Natural do Mindelo, vive na Praia. É autor, no nosso blogue, da série "Recordações de um furriel miliciano amanuense (Chefia dos Serviços de Intendência, QG/CTIG, Bissau, 1973/74) (Carlos Filipe Gonçalves, Mindelo)"

Ainda recentemente escreveu aqui, em poste de 5/7/2025:

(...) "50 anos depois, estou aposentado. Casado, tenho três filhas (49, 47 e 41 anos de idade), quatro netos (26, 18, 3 anos, neta recém nascida com um mês e meio).
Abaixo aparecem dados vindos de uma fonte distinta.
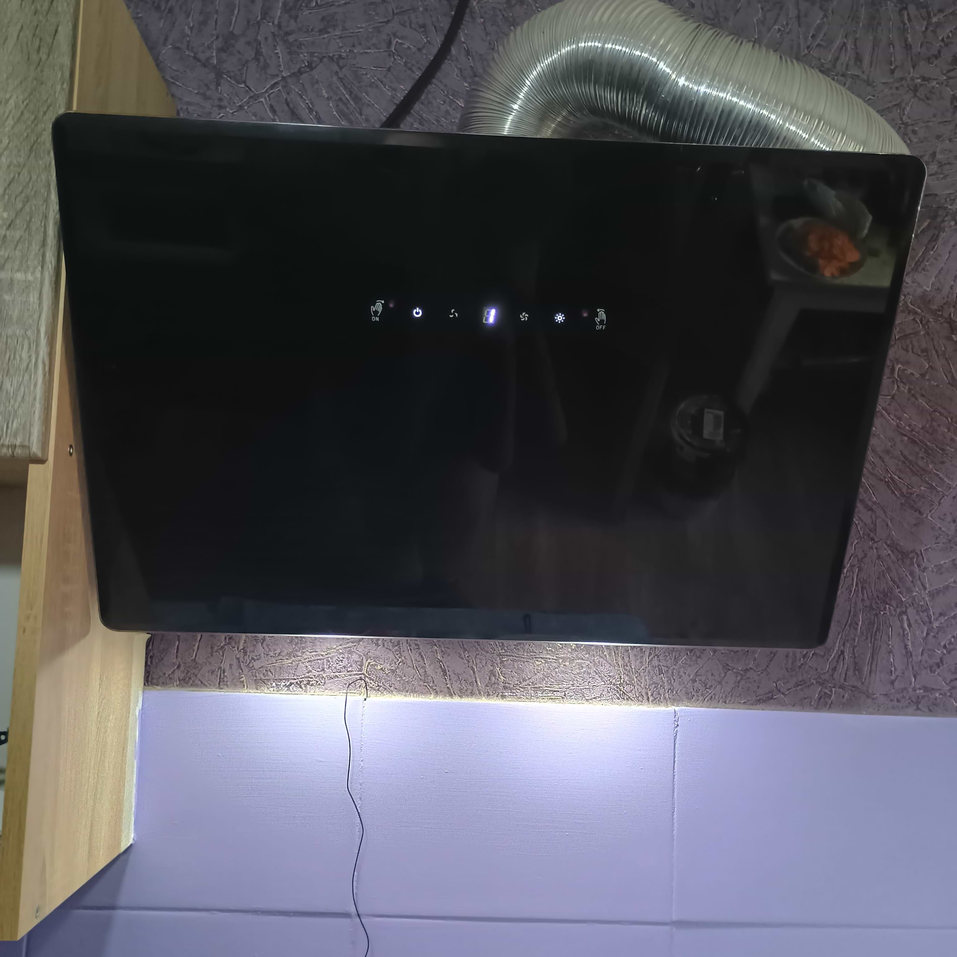 Стильна та потужна витяжка. Дуже сподобалось сенсорне та жестове керування — працює швидко й зручно. Тягне добре, запахи прибирає швидко, освітлення яскраве. Скляна поверхня легко миється. Загалом задоволений покупкою, рекомендую.»

Vivi a grande aventura do depois da «Independência»… no que me concerne, já escrevi como vivi e o que se passou na história recente da rádio (livro ainda não publicado) e também já escrevi sobre a história da rádio no antes da Independência (um dos livros já publicado, o 2.º à espera de ser editado).
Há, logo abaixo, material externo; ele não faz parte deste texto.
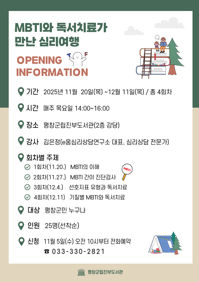 [스포츠서울ㅣ김기원기자]평창군립진부도서관은 오는 11월 20일부터 12월 11일까지 4회에 걸쳐 군민을 대상으로 「MBTI와 독서치료가 만난 심리여행」 강연을 운영한다.

"E para completar, já escrevi o que vi e vivi na Guiné de 1973 a 1975, porque memórias de cabo-verdiano de ambos os lados, na Guiné, antes e depois das Independências, também precisam ser conhecidas". (..:)

Sabíamos que tinha a filha mais velha, Dúnia, de 49 anos, no hospital, na Praia, a lutar contra um cancro da mama. Ainda ontem, e sem ter notícias dele desde 28 de julho passado, lhe mandei às 23:21 a seguinte mensagem:

(...) "Carlos: (...) quero saber como tem evoluído o estado de saúde da tua filha. Imagino quanto ela e a vossa família estão a sofrer. Estou solidário contigo. Não sei rezar, mas espero que os deuses e os bons irãs a protejam e a salvem. Um abraço fraterno, Luís." (...)

Esta manhã soube pelo Zeca Macedo do desfecho fatal: nem os deuses nem os bons irãs salvaram a Dúnia. Para a família, destroçada, do nosso camarada de Cabo Verde, Carlos Filipe Gonçalves, pai, mãe, filho e irmãs da Dúnia, e demais família e amigos íntimos, vão os votos de pesar da nossa Tabanca Grande. Os filhos dos nossos camaradas nossos filhos são. (*)

Foto à esquerda: o nosso camarada, Carlos Filipe Gonçalves, em 8 de agosto de 2014, com a filha mais velha, Dúnia: "Estou feliz e orgulhoso! Coloquei hoje a fita na minha filha Dunia, finalista do curso de Comunicação Social. Parabéns Dunia! Cerimonia esta tarde na UNIPIAGET".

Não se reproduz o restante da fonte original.